On Mon, 28 Nov 2022, Pádraig Brady wrote:

I'm presuming the input generator is depending on the compiler runs (written to by tee) to exit cleanly, before exiting / generating more? Hence the hangs?

If that was the case then there still might be the potential for hangs even if tee detected closed pipes. I.e. if the compiler runs hung rather than exited, this not be distinguishable from tee as the pipe outputs would remain.

This is a good point too.

So perhaps the generally useful cases are (1) if the intermittent input is from a tty, but also (2) if the input program (that writes to a pipe) has similar logic to what we are proposing to add to tee here; ie, that it detects when its output becomes a broken pipe.

More generally for (2), if the whole command pipeline is written that way, this will propagate all the way back. In that sense there might even be some merit in adding this type of logic to all coreutils programs that filter stdin to stdout.

For instance, take this oversimplified example with cat:

        cat | cat | cat | cat | true

If this is run on a terminal, you have to hit Enter *4 times* before control returns to the shell, as it takes that many separate writes to cause all the pipes to break in sequence (right-to-left) and finally get the write failure in the left-most cat.

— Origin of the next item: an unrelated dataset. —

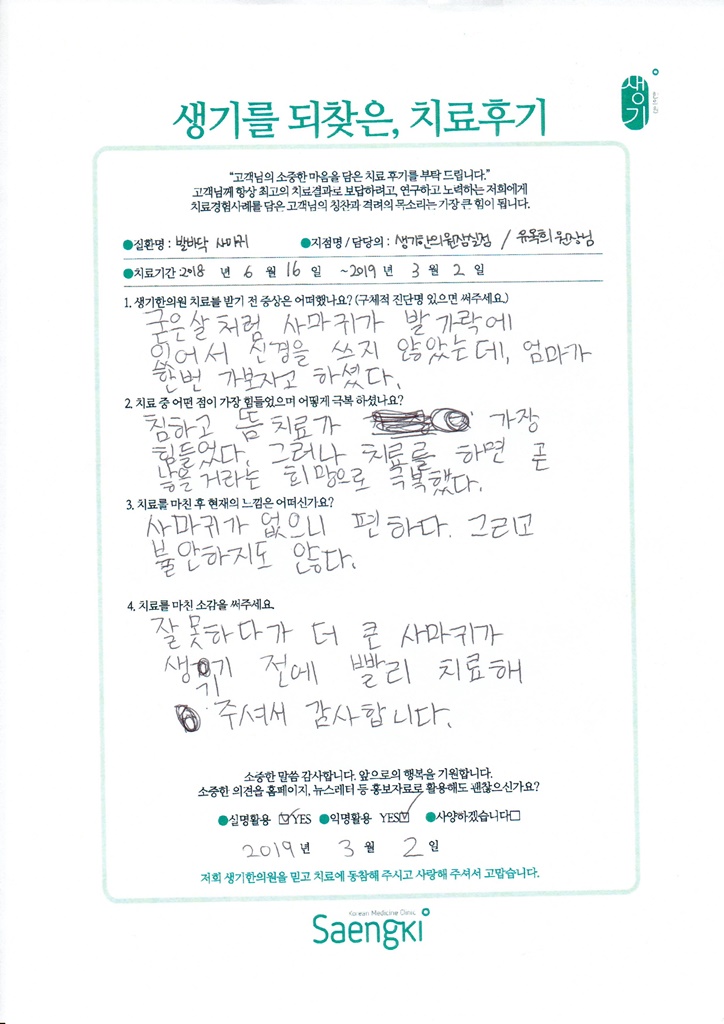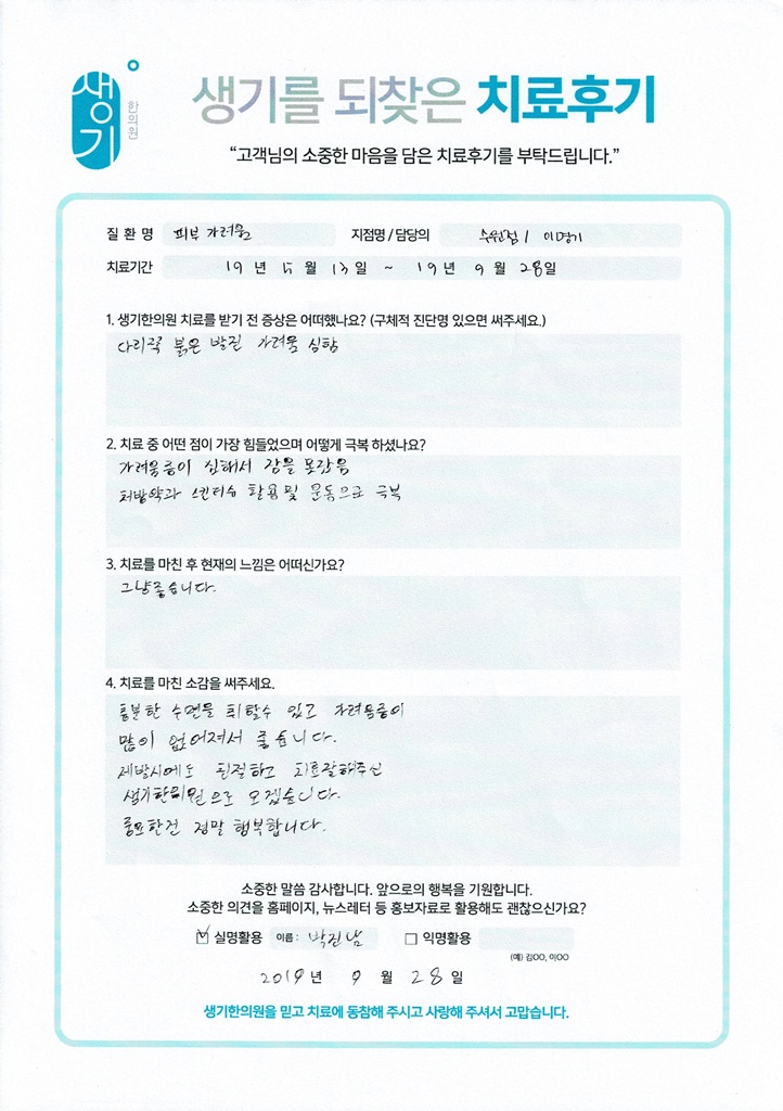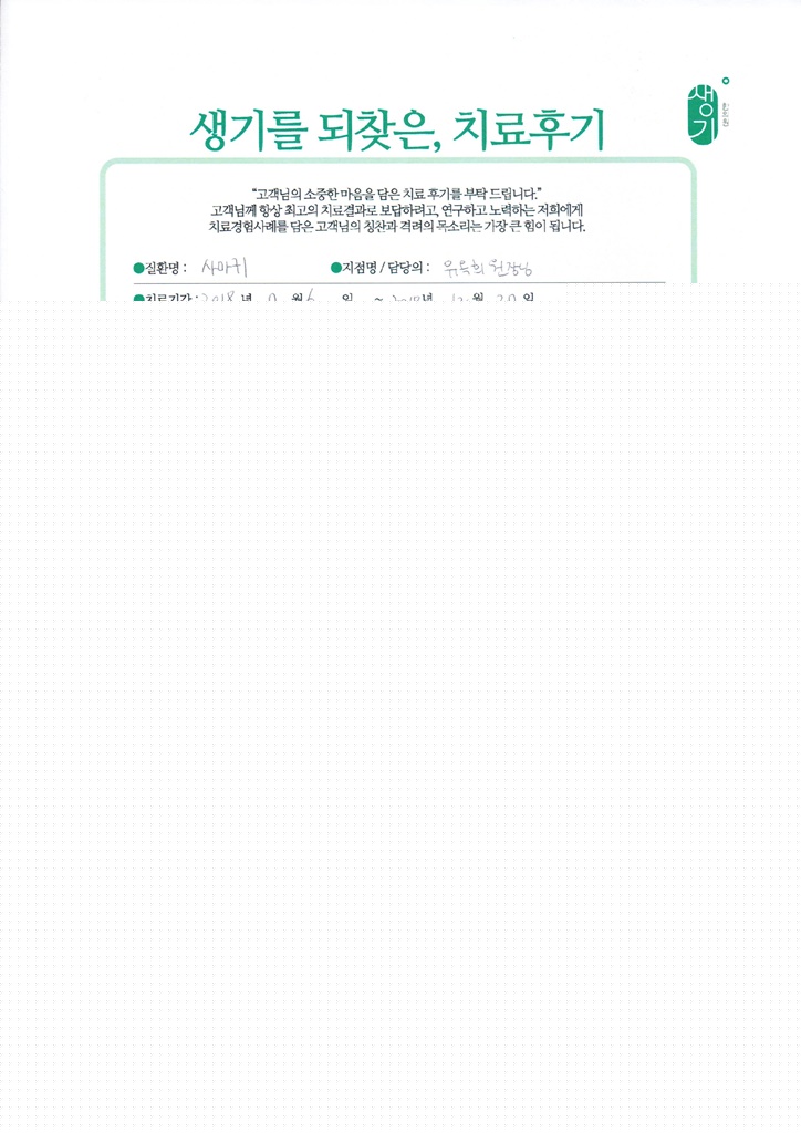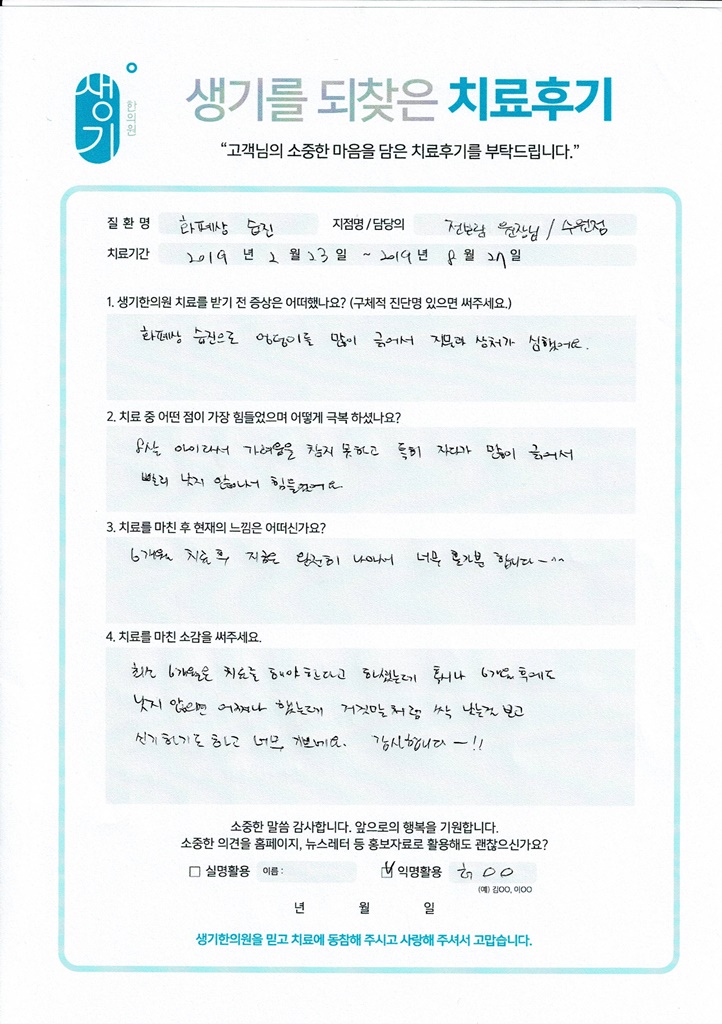 생기한의원과 함께하신 생생한 자필 및 영상 후기를 소개합니다.
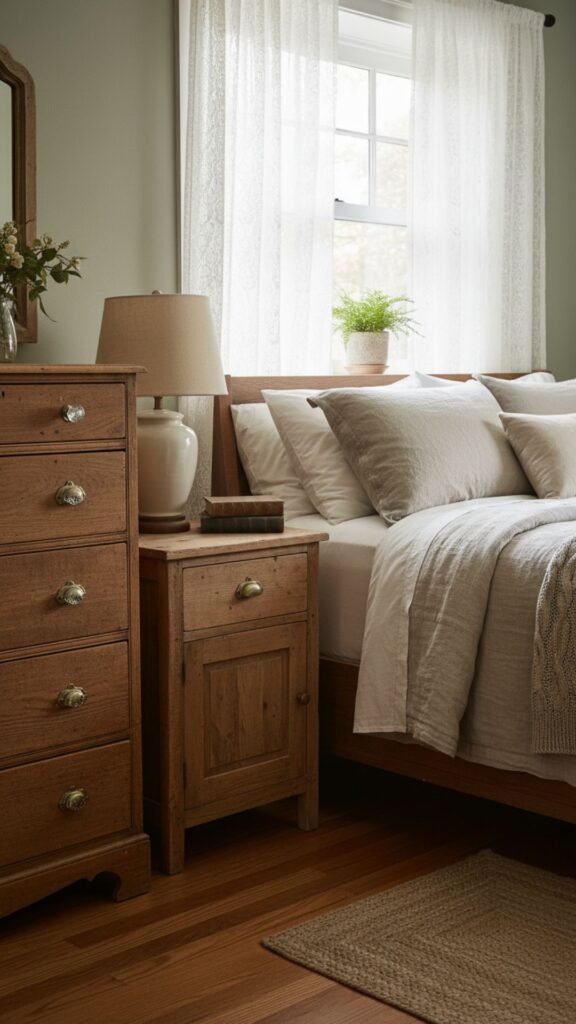 Mismatched antique furniture adds personality that no matching bedroom set ever could. Hunting for pieces at flea markets or estate sales is half the fun.

If this kind of detect-broken-output-pipe logic were added to filter utils generally, the above example (with 4 cats) would return to the shell immediately.

Carl

On Tue, 29 Nov 2022, Carl Edquist via GNU coreutils General Discussion wrote:

Hi all,

On Mon, 28 Nov 2022, Arsen Arsenović wrote:

 Pádraig Brady <P@draigBrady.com> writes:

 Trying to understand your use case better,
 ...

 The bug we observed is that on occasion, for instance when running with a
 tty, or with a script that (for some reason) has a pipe on stdin, the
 tee-based "compiler" would hang.  To replicate this, try:

 tee > (gcc test.c -o a.out.1) >(gcc test.c -o a.out.2)

 in a tty (here, the stdin is meant to be irrelevant).

If I may try to provide a simple example of the problem, consider the following command line:

        tee > (sleep 3) | sleep 5

Let tee's stdin be a terminal to supply the "intermittent input".

You'll see that after 5 seconds, this will hang indefinitely until you hit Enter.

For the first 3 seconds, when hitting the Enter key, tee will successfully write the line to each pipe. Between 3 and 5 seconds, the pipe to "sleep 3" will be broken, which tee will notice, and then tee will continue writing the lines to the "sleep 5" pipe.

But after 5 seconds, when "sleep 5" has terminated and that pipe becomes broken, tee will continue to "hang" waiting for input (in this case the intermittent input from the terminal) indefinitely, despite the fact that all of tee's outputs are now broken pipes. tee will only "notice" that the "sleep 5" pipe is broken when it receives input after that point, because then the write to that pipe fails with EPIPE (and/or a SIGPIPE is delivered).

...

It seems the ideal thing to happen here is for tee to terminate once it determines that all of its outputs are broken pipes. It comes close to this already, but it only learns about this when write attempts fail, and it only attempts a write when it has input to tee.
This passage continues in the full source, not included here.